Hello, I just recently sent a similar post having been so desperate myself. At my day 11 scan mine was 4.5mm. I was only told to up it by one. I had a scan 4 days later and the growth was just to 6mm, not good enough and after a further 2 days was cancelled. On day 11 I should have really upped by much more. If I were you I'd add two and one of them vaginally (tonight).


----------



## bobo66 (May 1, 2012)

I’m currently in a similar boat - between 6 and 7mm on both days 10 and 13 - I’ve been on 5 tablets (10mg) this cycle and after reviewing my case in the clinical meeting, added an oestrogen patch on my leg last night. I started on 3 tablets (6mg) on FETs one and two and went up to 5 (10mg) at the first scans, and on the second FET was on 6 tablets (12mg) from the second scan. Third and fourth FETs I started on 5 tablets (10mg) and on the third by lining was already at 7.2mm at day 9. Not sure how much my experience helps as everyone reacts differently and the same person can be different on different cycles.
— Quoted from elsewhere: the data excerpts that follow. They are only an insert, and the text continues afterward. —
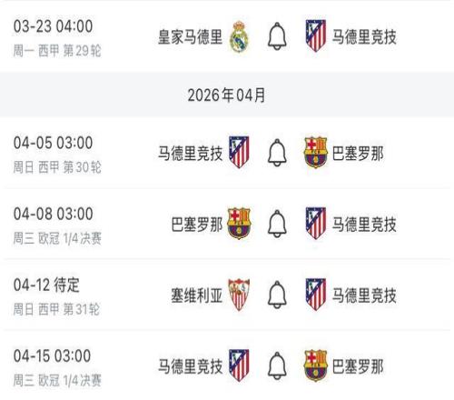 根據(jù)安排,馬競(jìng)即將迎來(lái)一段魔鬼賽程,本周末他們將在西甲第29輪的馬德里德比中做客挑戰(zhàn)同城死敵皇馬。國(guó)際比賽日過(guò)后,馬競(jìng)將首先在西甲第30輪的比賽中坐鎮(zhèn)主場(chǎng)對(duì)陣巴薩,那場(chǎng)比賽三天后他們又會(huì)迎來(lái)歐冠1/4決賽首回合客場(chǎng)與巴薩的比賽。一周之后,他們與巴薩的次回合比賽還將移師大都會(huì)球場(chǎng)進(jìn)行,而在歐冠與巴薩的兩回合比賽之間,他們還有一場(chǎng)客場(chǎng)與塞維利亞的西甲第31輪比賽需要進(jìn)行準(zhǔn)備。
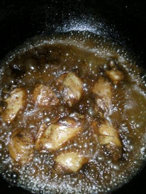 把配好的汤汁和鸡翅一起放锅里,中火就行,反正面都沾上色,几分钟就行
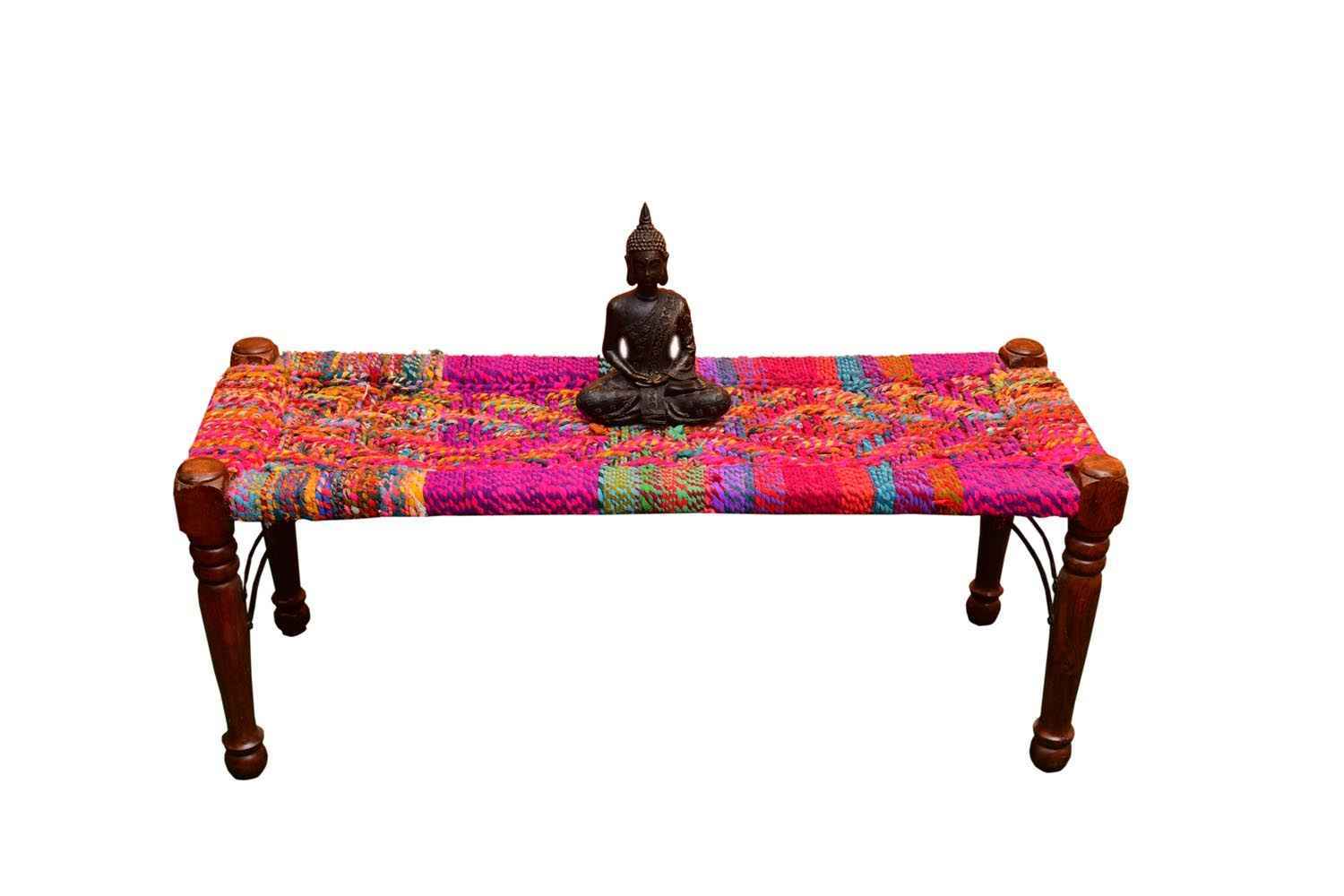 Munj round carving leg two seater bench is made by Sheesham (Rosewood)  with teak finish. We have used clothes strips in the making of the seating area to make it as a vintage look and unique design. Legs are in well round design. It is light weighted,easy for shifting. You can buy best quality Sheesham wood furniture online from O my furniture.

Is there any way you can call for advice?


----------



## bobo66 (May 1, 2012)

I was also told that the if you’re ok with it, tablets are more effective on an empty stomach (butbsome people need to line stomach to avoid upset)


----------



## katkat2014 (Nov 28, 2014)

Elle I hope your clinic gave some advice by now.

Bobo thats really interesting. How thick did your lining get acted increasing your dosages by transfer? Were these all oeal pills? I'd be keen to know how you get on after taking your patch if you don't mind updating. Good luck?
!


----------



## bobo66 (May 1, 2012)

Hi katkat2014,

My lining got up to over 7mm fairly quickly once we increased the tablets. I’m afraid I can’t remember all of the details but I think I got to just under 5mm on 3 tablets by around day 10, and over 7mm within a few days after increasing. These were Progynova (oestradiol valerate (HRT). 

Thanks. I’ll update on Monday...


----------



## katkat2014 (Nov 28, 2014)

Thanks Bobo and so much good luck!


----------



## bobo66 (May 1, 2012)

Ellefivehundred - I hope your clinic have been helpful.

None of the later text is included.